INPUT DATA -
▼
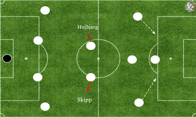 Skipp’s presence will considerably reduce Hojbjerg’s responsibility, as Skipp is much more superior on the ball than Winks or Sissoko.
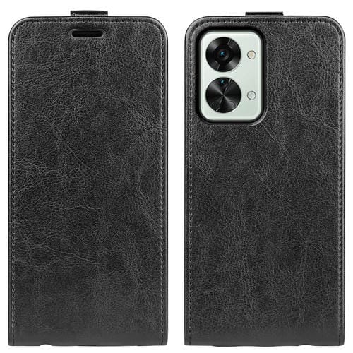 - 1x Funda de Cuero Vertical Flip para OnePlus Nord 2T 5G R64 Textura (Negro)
▲
▼
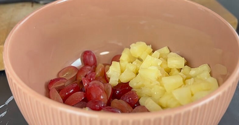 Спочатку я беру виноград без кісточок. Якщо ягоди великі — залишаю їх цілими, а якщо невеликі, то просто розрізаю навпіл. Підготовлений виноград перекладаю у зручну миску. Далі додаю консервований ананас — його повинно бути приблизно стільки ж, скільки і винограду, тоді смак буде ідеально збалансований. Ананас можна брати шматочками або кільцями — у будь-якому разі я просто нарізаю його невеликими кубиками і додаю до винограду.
▲
▼
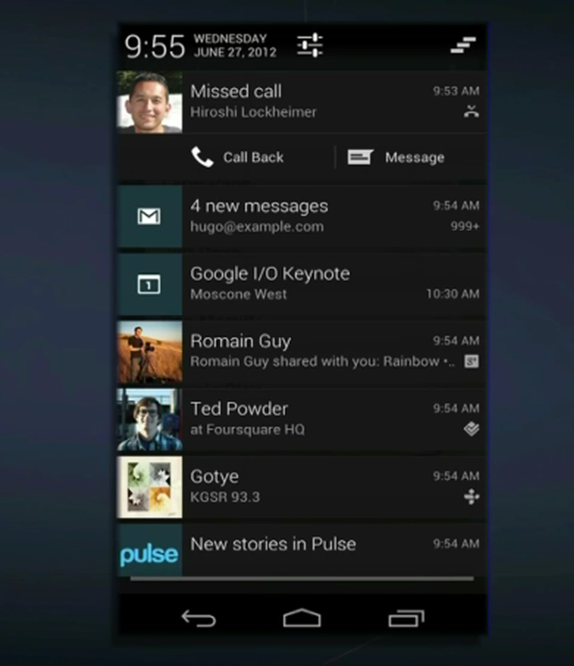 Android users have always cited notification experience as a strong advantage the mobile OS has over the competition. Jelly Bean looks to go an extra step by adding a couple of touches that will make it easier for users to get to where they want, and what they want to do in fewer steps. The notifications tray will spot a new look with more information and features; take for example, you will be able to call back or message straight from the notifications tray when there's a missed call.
▲
WHAT TO WORK ON - Please return the material above only from the line that holds "Skipp’s presence will" through the line that holds "- 1x Funda de", exactly as it stands, ends included and pictures omitted.

TASK SOLUTION -
 Skipp’s presence will considerably reduce Hojbjerg’s responsibility, as Skipp is much more superior on the ball than Winks or Sissoko.
 - 1x Funda de Cuero Vertical Flip para OnePlus Nord 2T 5G R64 Textura (Negro)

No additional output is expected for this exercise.